Structure of .tar files - linux

I am trying to run some benchmarks which take in input a tar file.
Now there is a runme.sh inside the tar file and that needs to be modified and the folder has to be made a .tar again.
The original benchmark works, but the modifies one doesn't. I believe that it is a problem with the file format.
Note : My modification is not creating the problem. If I just uncompress the working tar and tar it again without modification, it does not work. Surprisingly the size of the new file changes.
What I tried :
file command on the working and non-working tar files.
Both returned same POSIX tar archive
Tried to run the command tar cvf folder_name.tar folder_name/
Does not work.
What works :
I am on Ubuntu (14.04) and I double clicked on the tar, directly edited the file I wanted and updated it. This works, but is not a feasible solution as I have a large number of files and I want to write a script to automate it.
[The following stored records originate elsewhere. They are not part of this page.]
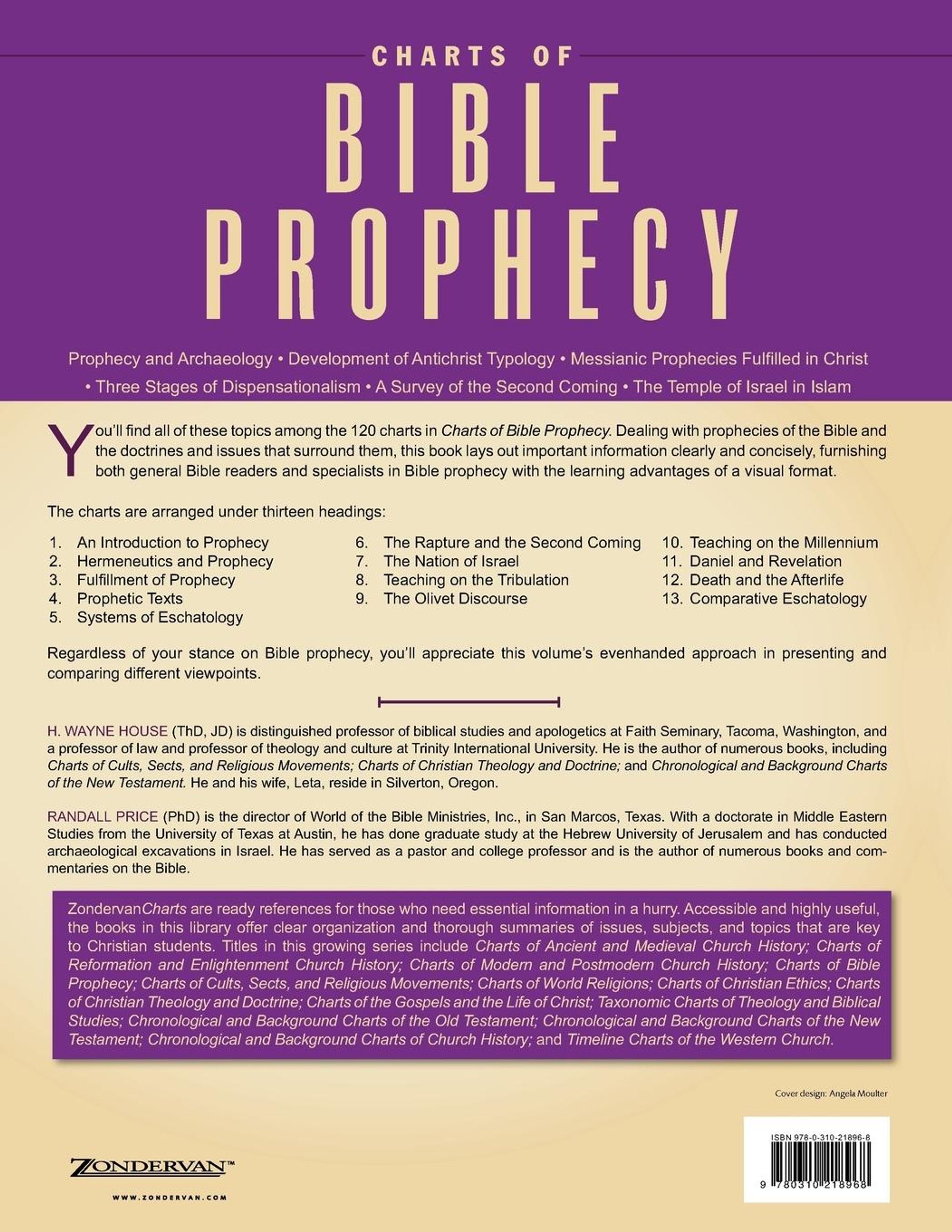A quick and easy visual guide to biblical prophecies--from the basics of interpretation to the details and fulfillment of specific prophetic texts. Packed with teaching and learning tools, from charts and timelines, to maps and visual guides, Charts of Bible Prophecy will guide you through the prophecies found throughout the Bible and the doctrines and issues that surround them. The 120 visual aids are grouped into topics such as: An Introduction to Prophecy Fulfillment of Prophecy The Rapture and the Second Coming The Nation of Israel Teaching on the Millennium Daniel and Revelation Death and the Afterlife
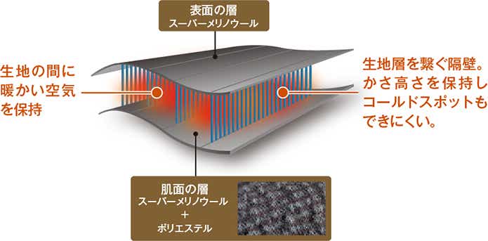 暖かさの秘密は、内部に“デッドエア(断熱となる空気の層)”をためこむボックス構造。空気は動かない状態でいると強力な断熱材となるため、この構造が持続的なぬくもりを実現します。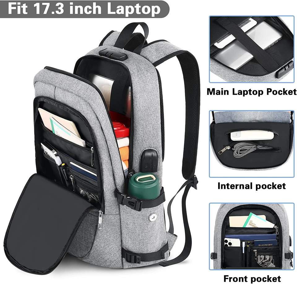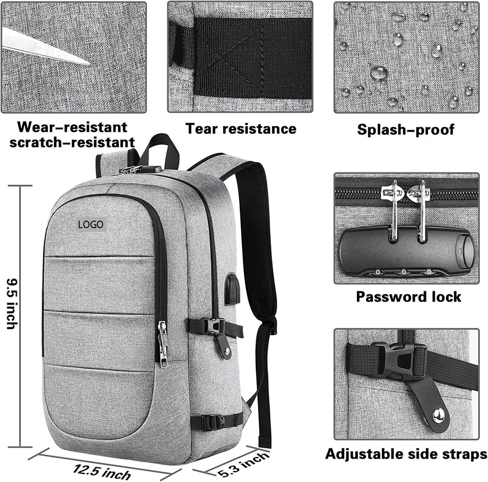 กระเป๋าเป้ใส่แล็ปท็อปกันน้ำกันขโมยมีช่องเสียบสายชาร์จ USB มีช่องซิปปิดโพลีเอสเตอร์สำหรับเดินทางไปโรงเรียนธุรกิจ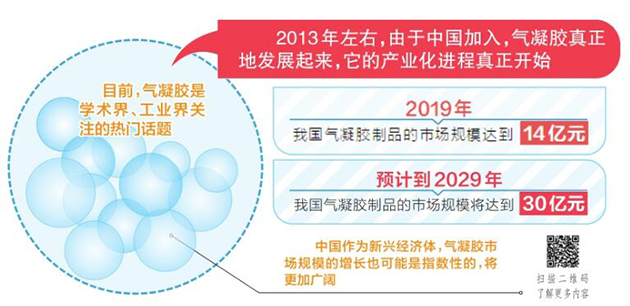 当前,气凝胶产业已经成为新材料产业领域争相竞逐的产业高地。浙江大学高分子科学与工程学系教授高超介绍,上世纪美国首次制备出气凝胶。由于工艺复杂及成本太高,只是被应用到少数的宇航服、太空服装几个尖端领域。2013年左右,由于中国加入,气凝胶算是真正地发展起来,它的产业化进程真正开始。目前来看,气凝胶是学术界、工业界关注的热门话题,2019年我国气凝胶制品的市场规模达到14亿元,预计到2029年,规模将达到30亿元,中国作为新兴经济体,它的增长也可能是指数性的,气凝胶市场的规模将更加广阔。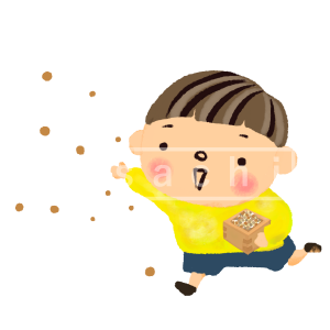 まめまきをする子どものイラストです。節分の時期などお店、保育園や幼稚園のイベント資料やお便りにお使いください。(豆まき,まめまき、おに,こども)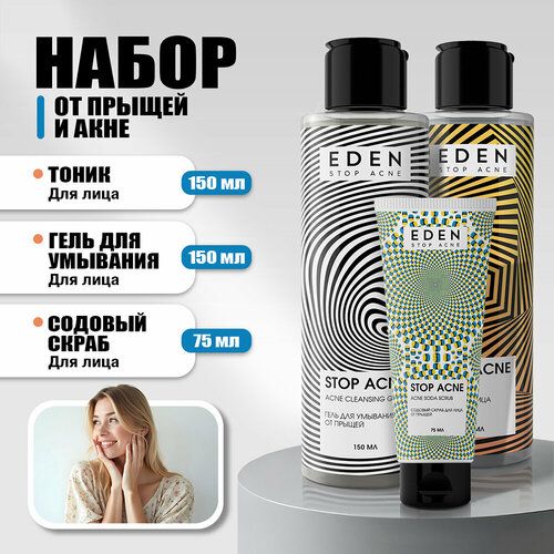 Набор от прыщей и акне EDEN Stop Acne - это комплексное решение для ухода за проблемной кожей. В состав набора входят три средства: гель для умывания, тоник для лица и содовый скраб.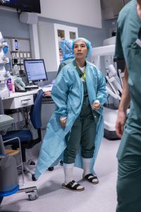 – Förutom alla fördelar för patienter finns fördelar för den som opererar också. För mig var det en ganska kort inlärningskurva från att operera traditionellt till vanlig titthålskirurgi och sedan robot. Det som kan vara en utmaning är att man inte får återkoppling rent motståndsmässigt, men man tittar mycket på hur vävnaden ser ut. För mig har den varit en väldigt stor förenkling. Bättre zoom, 3D-funktion, sy lättare, mer åtkomst… Jag kan hylla det här hur mycket som helst!
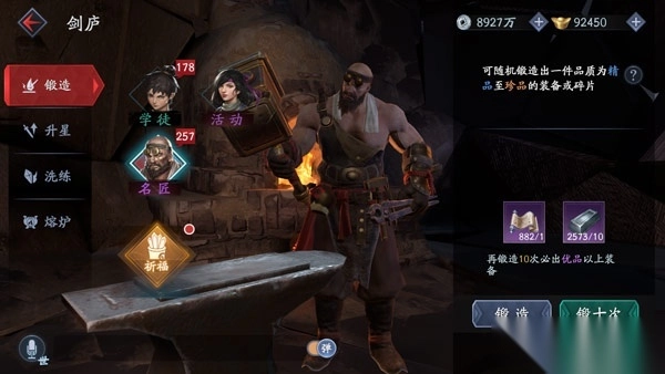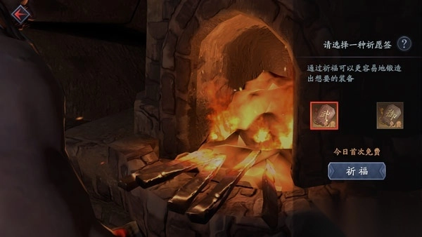 玩家获取装备需要消耗锻造材料。锻造分为“学徒锻造”和“名匠锻造”两种选择,其中名匠锻造产出精品到珍品级装备或碎片的概率比学徒锻造更高。在进行锻造操作前,玩家每天拥有一次免费祈福的机会,通过消耗三种不同类型的祈愿签,能够获得有助于锻造装备的优势状态加成。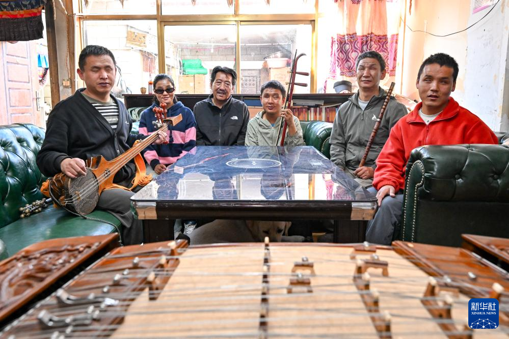 在其美多吉老師的悉心指導(dǎo)下,這群年輕人逐漸掌握了二胡、揚(yáng)琴、扎念琴等傳統(tǒng)樂(lè)器,開(kāi)始了朗瑪堆諧的表演生涯?!澳菚?huì)兒天不亮就起床,練三個(gè)小時(shí)才吃早飯,然后一直練到天黑?!睒?lè)團(tuán)主唱次仁曲珍回憶道,“剛開(kāi)始時(shí),一兩個(gè)月才能學(xué)會(huì)一首曲子。”
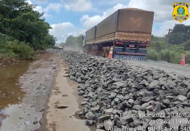 A interdição na BR-364 continua, mas de forma parcial. Segundo a Polícia Rodoviária Federal (PRF), o avanço das águas do rio Jamari já está quase controlado com as obras de elevação da rodovia.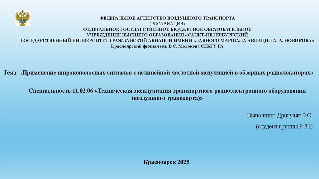 ГОСУДАРСТВЕННЫЙ УНИВЕРСИТЕТ ГРАЖДАНСКОЙ АВИАЦИИ ИМЕНИ ГЛАВНОГО МАРШАЛА АВИАЦИИ А. А. НОВИКОВА»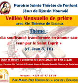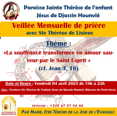 Diocèse de Porto-Novo : Jeudi 18h30 Paroisse St Michel de Ouando - Mardi 12h Centre Béthanie sis à Tokpota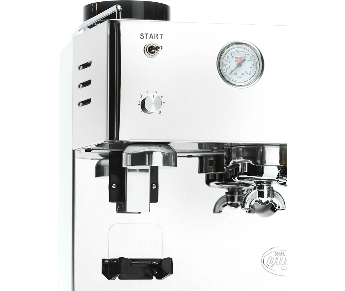 Material: Vollständig aus rostfreiem Stahl; Quick Mill-Brühgruppe mit O-Ring; Aerator-Dampfstab

Screenshot of how it works with GUI :

Does the original tar file include the top-level directory name? It doesn't look like it from your screenshot. If you re-create the tar file with a top level directory, as indicated by point 2 in the things you tried, the structure won't be the same, and whatever program is trying to consume the tar file won't be able to parse it.
How do you test "If I just uncompress the working tar and tar it again without modification, it does not work." In a GUI or in a shell? If in a shell - what exact commands do you use?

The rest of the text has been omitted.